Grand Moff Tarkinect
First, the story. Star Wars Kinect does a wonderful job of making you feel like the most important being in the galaxy, constantly throwing easily dispatched enemies your way and offering the reliable form of Obi-Wan in the bottom corner who'll helpfully repeat gestures should you get stuck. Yoda even takes time out to school you in the ways of ship levitation.
There's not a moment that isn't keenly orchestrated, keenly guided. A speeder chase through Kashyyyk under siege gives you freedom to swerve from side to side, or even lean forward into a first-person view, but shooting is done for you. So is moving on foot, with a plunge of your torso all the cue that's needed to force-sprint your character between pockets of battle. You're a Jedi from the waist up, restricted sure, but never bored.
The story takes you on a three-planet journey of ship-piloting and droid-carving (you can scar sapient beings but not chop them up). After five hours, give or take, it's all over, but there are four similarly fun, similarly short side attractions. The weakest is Duels of Fate. It should be the centrepiece, the killer showcase fans have begged for since the Wii Remote was unveiled six years ago - it's not. Lightsaber combat is fantastic in the story, where patchy controls are hidden behind a flailing of arms and a thick suspension of disbelief, but in a one-on-one with a magnaguard on Utapau, or against big daddy Vadar, precision slicing and the timing of parrys is scuppered by a half-second delay.
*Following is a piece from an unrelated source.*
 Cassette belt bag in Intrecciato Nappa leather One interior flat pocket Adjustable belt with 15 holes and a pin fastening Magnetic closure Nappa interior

Star Wars gets better during galactic dance-offs in Jabba's palace (a sentence that should make millions of fanboys cry out in terror). It's wildly silly, of course, but it knows it. With songs by Daft Punk and Deadmau5, a Christina Aguilera 'Genie in a Bottle' cover (here "princess in a battle"), and slave Leia even jumping in to bust a few moves while Jabba judges like a slobby Simon Cowell. It's easy to be cynical, but it's hard to stay mad - it's harmless fun.
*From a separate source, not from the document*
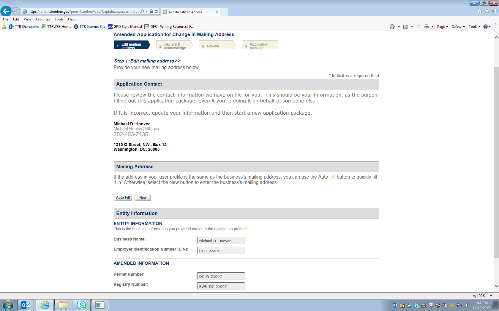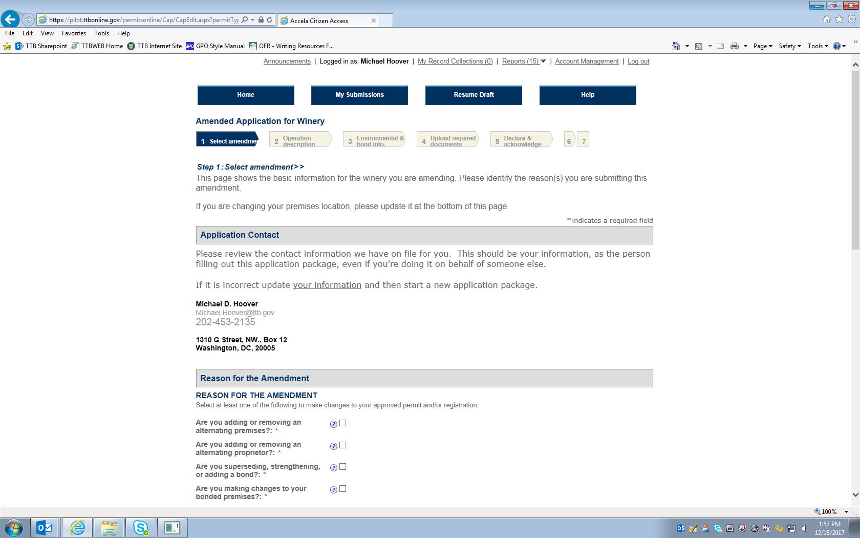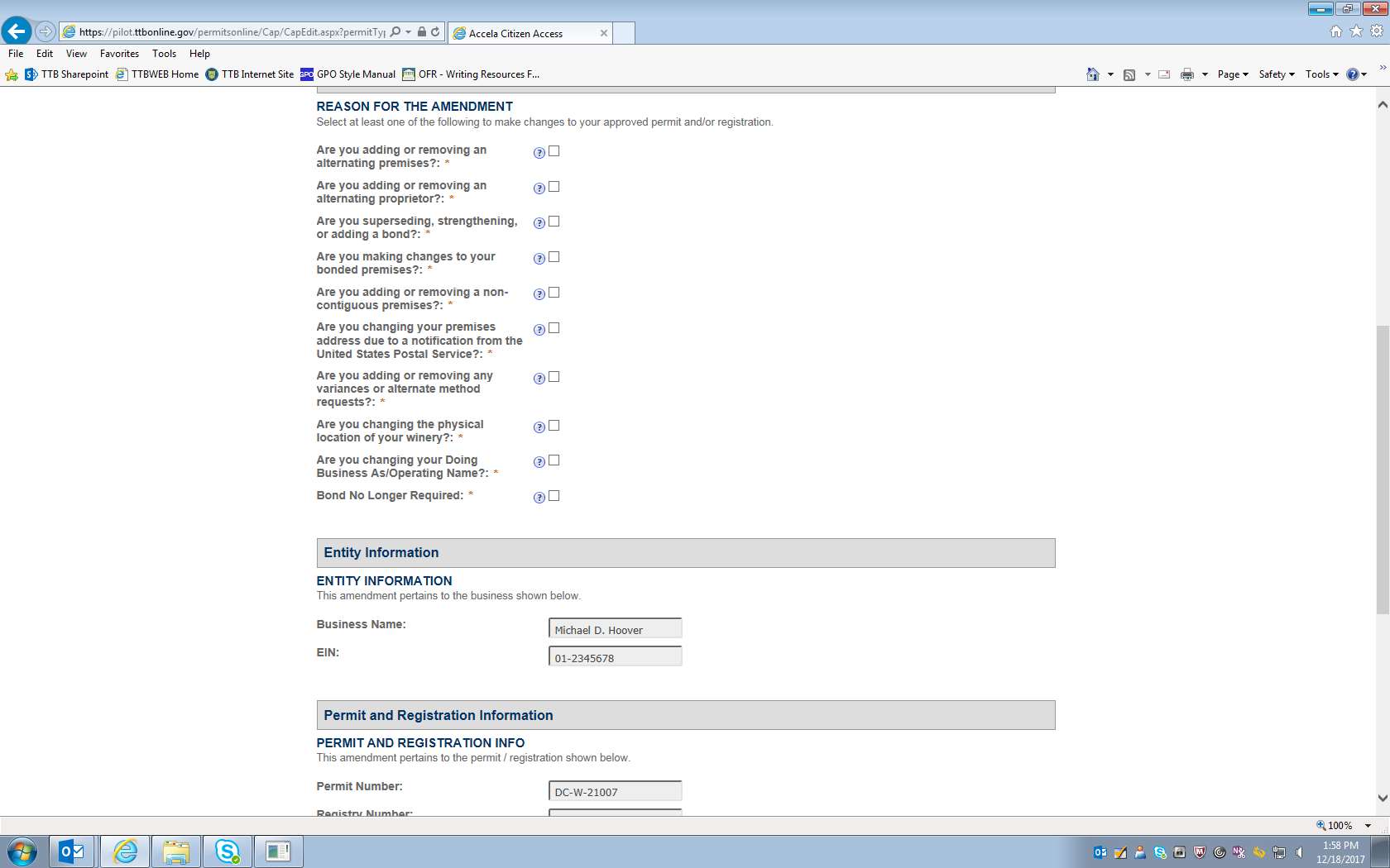 NOTE: This example involves changes to an FAA Act basic permit for a winery. Applications for amendments to distilled spirits, alcohol importer, or alcohol wholesaler FAA Act basic permits use the same or very similar data fields to collect the required information.

Just like in Rancor Rampage, where you'll use your whole body to trash Tatooine and cost the Republic Senate a billion credits in collateral damage. It's like that famous E3 09' demo - walk on the spot to move your monster on screen, turn your shoulders to rotate, lift a leg to stomp, grab and throw fleeing stormtroopers, and clap your hands to swat away keepers of the peace. Levels are impressively destructible, and sprinting with an outstretched arm to clothesline the rooves off buildings offers brilliant mayhem.
Last on the minigame list is podracing, and it's the same again - inoffensive fun, provided you don't mind a little guidance. A harmless greaser plot pitting you against Sebulba's school bully threat - he and a cackling girlfriend make fun of your ride, man - is a very skippable preamble to the real action.
You'll podrace alongside favourites like Ody Mandrell and trusty old Ben Quadinaros, thrusting forward a left or right arm to turn, boosting by moving both arms forward, and even flinging off damaging droids with a throw. Steering is remarkably accurate, more so than Joy Ride or Forza given that you aren't made to pretend-grip a wheel, but you do wonder how in control you really are.
For instance, your podracer is in perpetual motion and you'll never get too far ahead of a pack that sticks to you matter how well you drive. The upside is races that emulate the frantic battles and barges of Episode I's famous sequence. The developers clearly get cocky later, however, with you moving from the wide flats of Tatooine complete with a bend around a Sarlacc pit - perfect for broad motion controls - to tight and winding Felucian corridors that require the kind of tightly accute turning Kinect just isn't capable of.
Still, it's enjoyably frenetic and the best videogame podracing ever made. Like the rest of the game, play to have fun, not to win.